Solve for x 4/7+3/x=(2x+1)/(7x)

Solution:

Step:1

Isolate terms with $x$ on one side of the equation.

Step:1.1

Subtract $\frac{4}{7}$ from both sides: $\frac{3}{x}=\frac{2x+1}{7x}-\frac{4}{7}$

Step:1.2

Simplify the equation.

Step:1.2.1

Divide $\frac{2x+1}{7x}$ into two parts: $\frac{3}{x}=\frac{2x}{7x}+\frac{1}{7x}-\frac{4}{7}$

Step:1.2.2

Reduce fractions by canceling $x$.

Step:1.2.2.1

Eliminate $x$ where possible: $\frac{3}{x}=\frac{2}{7}+\frac{1}{7x}-\frac{4}{7}$

Step:1.2.2.2

Rewrite the equation: $\frac{3}{x}=\frac{2}{7}+\frac{1}{7x}-\frac{4}{7}$

Step:1.3

Combine like terms over a common denominator: $\frac{3}{x}=\frac{2-4}{7}+\frac{1}{7x}$

Step:1.4

Subtract $4$ from $2$: $\frac{3}{x}=\frac{-2}{7}+\frac{1}{7x}$

Step:1.5

Place the negative sign in front: $\frac{3}{x}=-\frac{2}{7}+\frac{1}{7x}$

Step:2

Determine the least common denominator (LCD) of the equation.

Step:2.1

The LCD is the least common multiple (LCM) of the denominators: $x,7,7x$

Step:2.2

To find the LCM, separate the process for numbers and variables: LCM of $1,7,7$ and LCM of $x^1,x^1$.

Step:2.3

LCM is the smallest number divisible by all numbers: List prime factors and multiply the highest power of each.

Step:2.4

The number $1$ is not prime.

Step:2.5

Since $7$ is prime, it remains unchanged.

Step:2.6

The LCM of $1,7,7$ is $7$.

Step:2.7

The variable $x^1$ simplifies to $x$.

Step:2.8

The LCM of $x^1,x^1$ is $x$.

Step:2.9

Combine the numeric and variable parts for the LCD: $7x$

Step:3

Eliminate fractions by multiplying each term by the LCD, $7x$.

Step:3.1

Multiply the equation by $7x$: $\frac{3}{x}(7x)=-\frac{2}{7}(7x)+\frac{1}{7x}(7x)$

Step:3.2

Simplify the left side.

Step:3.2.1

Use the commutative property: $7\frac{3}{x}x=-\frac{2}{7}(7x)+\frac{1}{7x}(7x)$

Step:3.2.2

Multiply $7$ and $\frac{3}{x}$: $\frac{21}{x}x=-\frac{2}{7}(7x)+\frac{1}{7x}(7x)$

Step:3.2.3

Cancel $x$: $21=-\frac{2}{7}(7x)+\frac{1}{7x}(7x)$

Step:3.3

Simplify the right side.

Step:3.3.1

Simplify each term.

Step:3.3.1.1

Cancel $7$: $21=-2x+\frac{1}{7x}(7x)$

Step:3.3.1.2

Use the commutative property: $21=-2x+7\frac{1}{7x}x$

Step:3.3.1.3

Cancel $7$: $21=-2x+\frac{1}{x}x$

Step:3.3.1.4

Cancel $x$: $21=-2x+1$

Step:4

Solve for $x$.

Step:4.1

Rearrange the equation: $-2x+1=21$

Step:4.2

Isolate $x$-terms.

Step:4.2.1

Subtract $1$ from both sides: $-2x=21-1$

Step:4.2.2

Calculate the result: $-2x=20$

Step:4.3

Divide by $-2$ to solve for $x$.

Step:4.3.1

Divide each term by $-2$: $\frac{-2x}{-2}=\frac{20}{-2}$

Step:4.3.2

Simplify the left side: $x=\frac{20}{-2}$

Step:4.3.3

Simplify the right side: $x=-10$

Knowledge Notes:

1. Isolating Variables: When solving for a variable, it's common to isolate terms containing the variable on one side of the equation.
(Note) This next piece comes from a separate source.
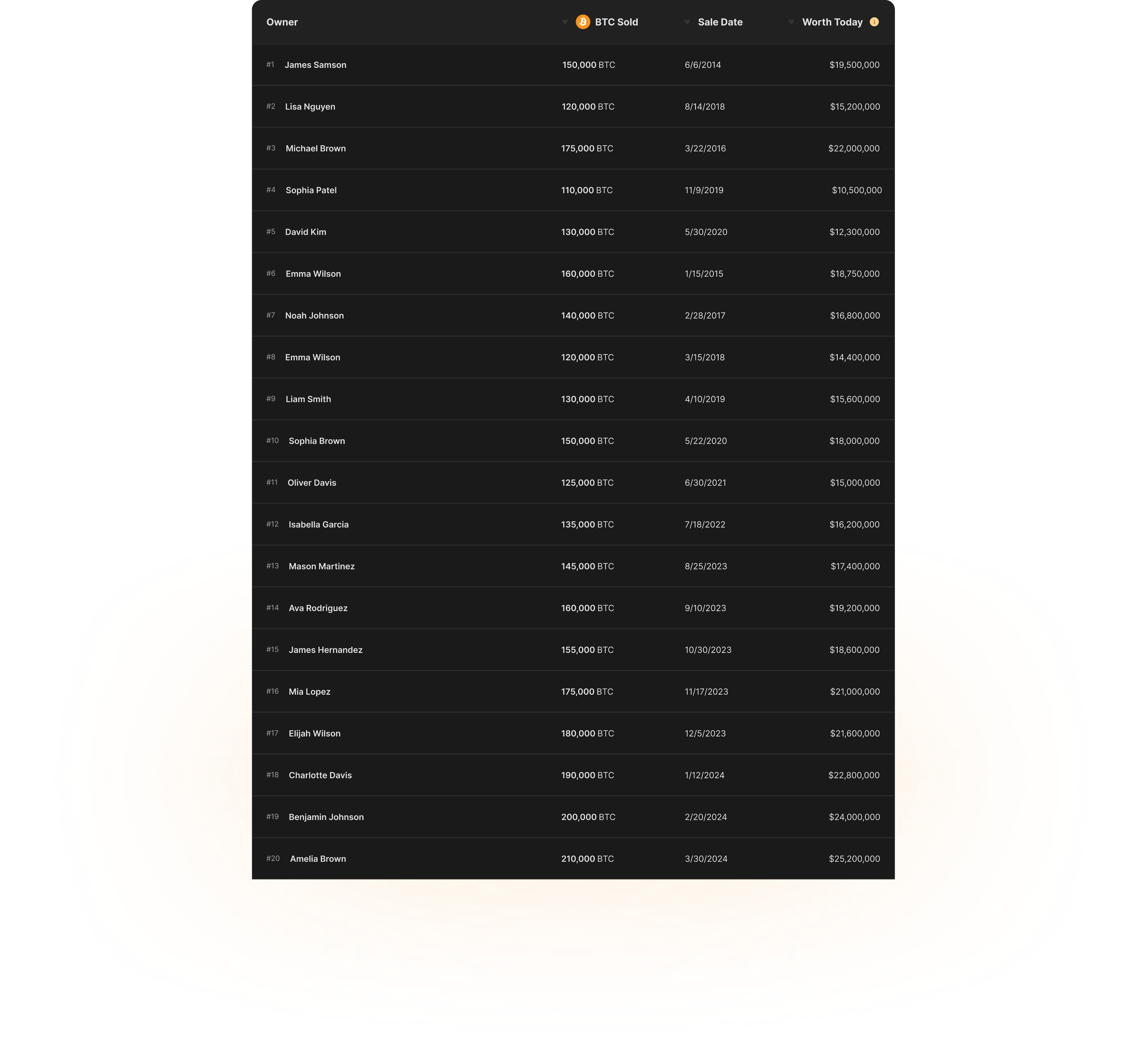 We list single sales ≥ 5 BTC or multiple sales totaling ≥ 10 BTC within a 30-day window.

2. Simplifying Fractions: Fractions can be simplified by canceling out common factors in the numerator and denominator.

3. Least Common Denominator (LCD): The LCD of several fractions is the least common multiple (LCM) of their denominators. It's used to combine fractions or eliminate them from an equation.

4. Prime Numbers: A prime number is a natural number greater than 1 that has no positive divisors other than 1 and itself. Prime factorization helps in finding the LCM.

5. Commutative Property of Multiplication: This property states that the order in which two numbers are multiplied does not affect the product.

6. Solving Linear Equations: Linear equations are solved by performing operations that maintain the equality, such as adding, subtracting, multiplying, or dividing both sides by the same number.